Something caught my attention while reading through the iVote information. Currently, voter eligibility is limited to Canadian citizens residing in Toronto who are at least 18 years-old. In addition, and here’s the interesting part, either a resident of the municipality or a property owner or tenant or the spouse or same sex partner of an owner or tenant in the municipality during a specified time just before the election [italics mine]. My reading of this is that if you own or rent property in a municipality, you are eligible to vote in that municipality. So that if you own or rent properties in numerous municipalities, you can vote in numerous municipal elections. According to iVote: … someone with a property in each of Ontario’s 444 municipalities can vote in all 444 municipal elections, even though they do not reside in all of them [italics mine. Again.]

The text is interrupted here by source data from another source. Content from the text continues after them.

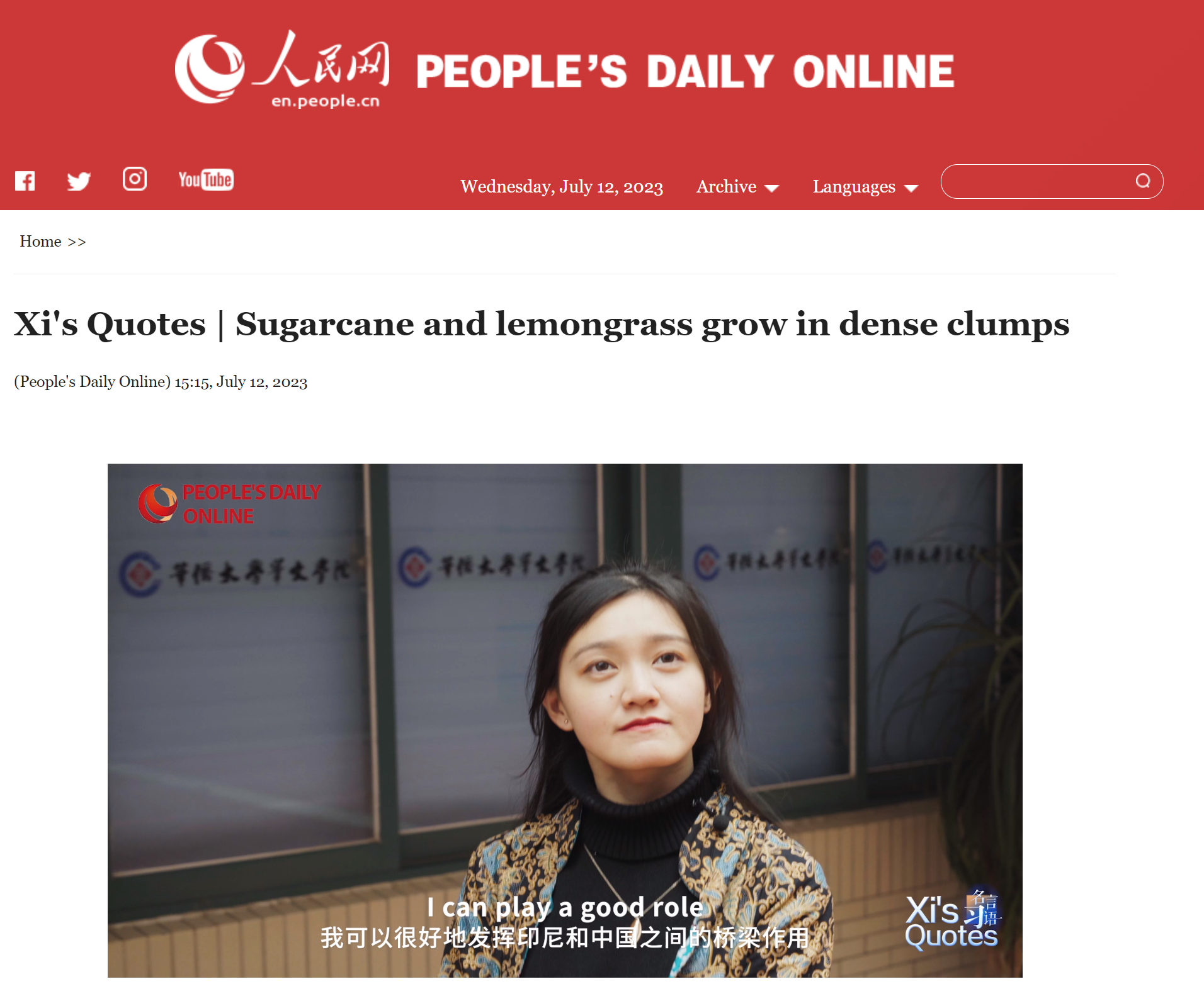 《Xi's Quotes | Sugarcane and lemongrass grow in dense clumps》(指导老师:王祎)以习近平主席在二十国集团领导人第十七次峰会讲话中引用的印尼谚语“甘蔗同穴生,香茅成丛长”为题,介绍了白家嘉对于这句“名言习语”的理解:“‘一带一路’倡议给印尼带来了很多发展机遇,这让我更加认识到只有团结共生,才能合作共赢。”在必赢国际437官网留学五年的她,也不断发挥着在中印尼两国间的桥梁作用,为推动两国文化交流贡献力量。
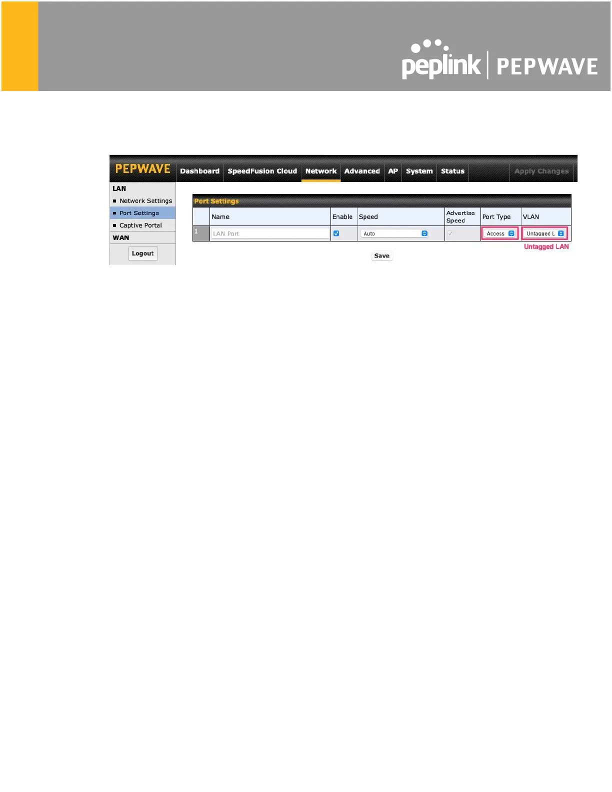 5. Set the Port Type to Access and set VLAN to Untagged LAN (see picture below).
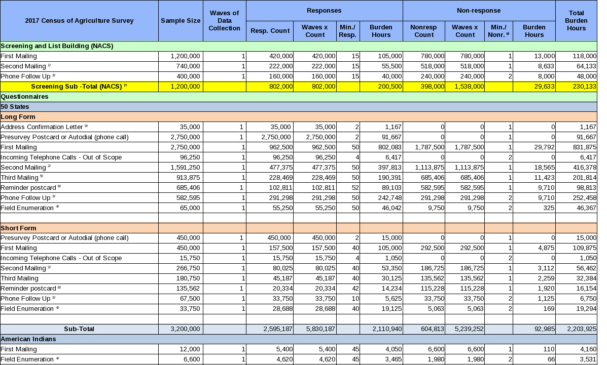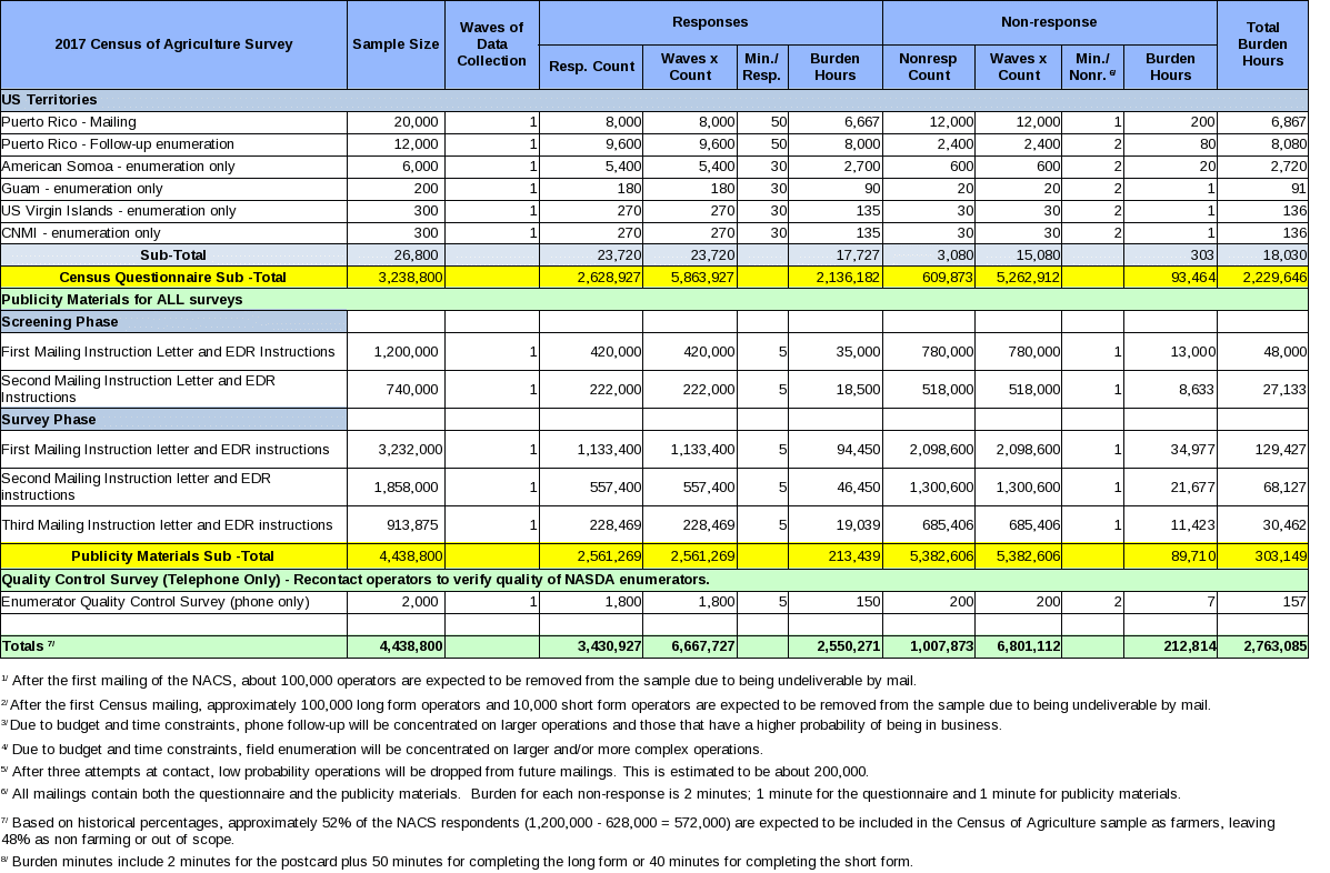 The table below shows estimates of the amount of time needed to complete the questionnaires based on results from the 2015 Census of Agriculture Content Test (OMB No. 0535-0243). The interview lengths were weighted by the 2012 percentages of farms by size group based on value of sales; value of sales ranges used were: less than $10,000; $10,000-49,999; and $50,000 plus. Estimates of the non-farm response are based on re-contacts completed for the 2012 Census of Agriculture and the 2015 Content Test.

I don’t know. There’s just something wrong with that and maybe only at a visceral, gut-level. My visceral, gut-level. It seems to contradict that whole one person, one vote concept we were raised on.
Certainly at a provincial level, no such ownership option for voting exists. I realize that there, as well as in the federal parliament, it is one elected body and so if you could vote where you lived as well as where you owned or rented property that it would be an example of more than one vote for one person. At the municipal level, it is distinct governments you vote for. Still, if you have particular views like say, lower taxes, those views are reflected more often than those held by single property owners or renters.
It feels undemocratic, harkening back to the days when voting for anything was open only to the propertied classes. It smacks of privilege and rubs me the wrong way. And like most people, I only like to rubbed in the right way.